View Full Version : sinar f1 or sinar p...

james morgan
8-Jun-2010, 08:32
i'm trying to buy my first 4x5 on a budget. after reading/looking, i've narrowed down to getting a used sinar. there're several available on the auction site, but i can't decide between the f1 and the p.

i'll be using the monorail in a studio setting, so weight and portability is not an issue. ease of use (i'm a total newbie) and performance are.

from what i gather, the sinar p (almost twice the price?) is a better camera compared to the sinar f1, but in what ways? can i get an f1 and replace with parts (standards) for the sinar p later on?

any advice and recommendations for either of these cameras is greatly appreciated.



8-Jun-2010, 08:38
P, by all means. Even for travel I'd recommend the F2 at the very least - the F/F1 front standard is rather on the flimsy side.

james morgan
8-Jun-2010, 09:18
thanks, sevo.

can i do most of my focusing and shifting using just the back standard alone? sorry, newbie question right there. :D (my work is mainly artwork repro)

i intend to just fix the lens/front standard and just work the back. if that's the case, would the f1 suffice? also, could i replace the front standard with this?



8-Jun-2010, 09:24
If weight and portability isn't an issue, and if the price you'll have to pay isn't an issue, then get a P.

The F was intended as a "starter" view camera, but Sinar's definition of "starter" is not at all like "beginner". More like, "entry into our modular system so that we can sell much more stuff to the F's owner." There is nothing about the F that relegates it to beginners, and it is still a top-notch professional camera.

You can easily combine F and P standards on the same rail. The P bearers and standards go together--the standard isn't detachable from the bearer on the F in the same way. So, if you change, say, the rear standard from an F to a P, you have to change everything. But everything that attaches to it will work on either.

The main difference between the F and P is geared movements. The F uses friction movements for tilt, swing, and shift. The F1 and F2 use separate locks for shift and swing, while the F uses the same lock. The F only has base tilts, while the P has both base and axis tilts. Both are yaw-free designs, however. The F has geared movements only for rear focus, and the F2 for both rear and front focus.

The F and F1 front standard is the same as the "multipurpose" standard used on a P for connecting sections of bellows together, holding the front of a compendium shade, holding the binocular viewer, providing a macro stage, etc. It uses a clip that goes under the bottom and hooks into the standard on the other side of the rail. Those clips have to be treated with care. The F2 has a solid front rail block like the rear standards of all Fs, which is also why it has geared focus. The F1 and F2 have a better design for the detent track for swings--the F uses a ball bearing riding in an aluminum channel, and the F1/F2 uses a steel wear plate between the two. For long-term use, I would prefer the latter.

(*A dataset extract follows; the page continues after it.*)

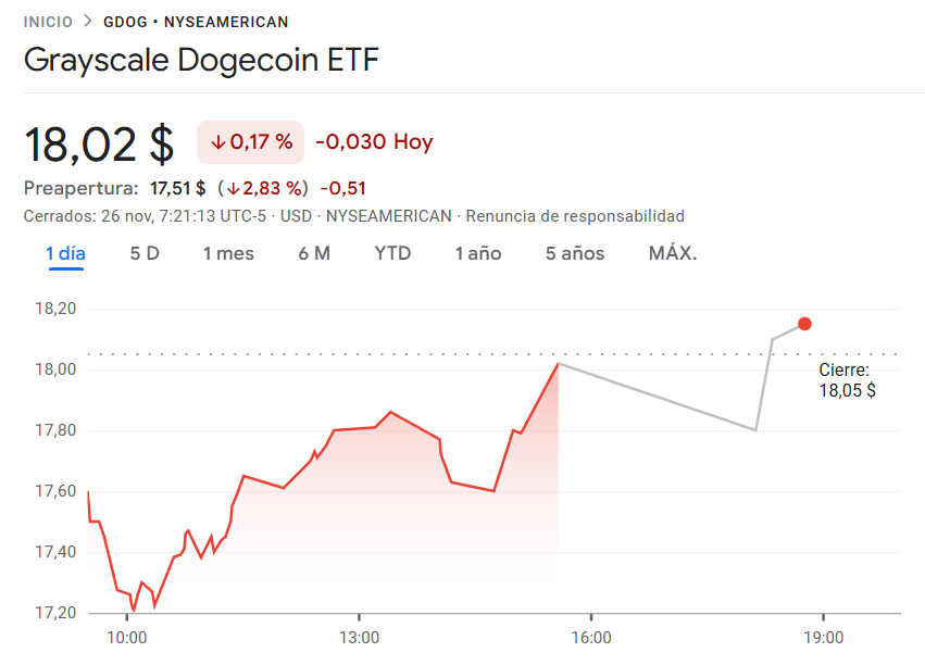 Las opciones actuales incluyen a Bitcoin, Ether, Ripple, Solana y Litecoin. El 24 de noviembre, Dogecoin se sumó a esta lista, con el debut del ETF de Grayscale, GDOG, en la bolsa de Nueva York (NYSE), en Estados Unidos.

The F2 has a metering back, while the F and F1 back does not have the slot for the metering probe, if that's important to you. All the P cameras had the metering back.

All of them will take the same bellows, boards, and other accessories. All will accept the Sinar shutter.

There is no problem with stiffness on the F series--they are quite stiff and strong in normal service, and also compared to many cameras that are highly respected on these pages. You may get distortion if you try to crank the standards together beyond the maximum compression of the bellows, but I think it would take a pretty stiff breeze to get an F standard to wiggle when tightened down. But with friction movements, they don't have the fine control and repeatability of the P series. That said, that affects efficiency more than effectiveness--I've never had trouble getting the movements adjusted just as I wanted them with my F/F2. It may have taken a bit more fiddling, that's all.

Rick "hitting a 10-penny nail with a 10-pound hammer" Denney

8-Jun-2010, 12:28
I would recommend the cheap route. It is a modular sytem so you can buy a P later and then use it together with f components for close up work. A very tidy 240mm APO Ronar would be good for making reproductions and inexpensive but you will need an extension rail for the sinar. A macro sironar would be nice and bright but more expensive, look at some of Ken Lee's flowers and leaves in the image sharing thread for an example. A more general purpose lens would be fine and may be a better use of money. IMHO spend money on a very good lens and plenty of film holders, dont worry about the camera, you will probably change your mind after using it for a while.


Glenn Goldapp
9-Jun-2010, 20:40
James, The Sinar is designed to measure all swings and tilts for focusing on the rear standard. Once the calculation are made it is transfered to the front. So the answer is yes, you can use the rear to focus. But, it is then transfered to the front. A quick point on the metering back. I have never seen a P with a metering back. I believe the metering back appeared with the P2 and the F2. I have 3 Sinars. Bought an F in 1973. In 1980 got a Wista but sold it and went right back to my Sinar and have never been sorry.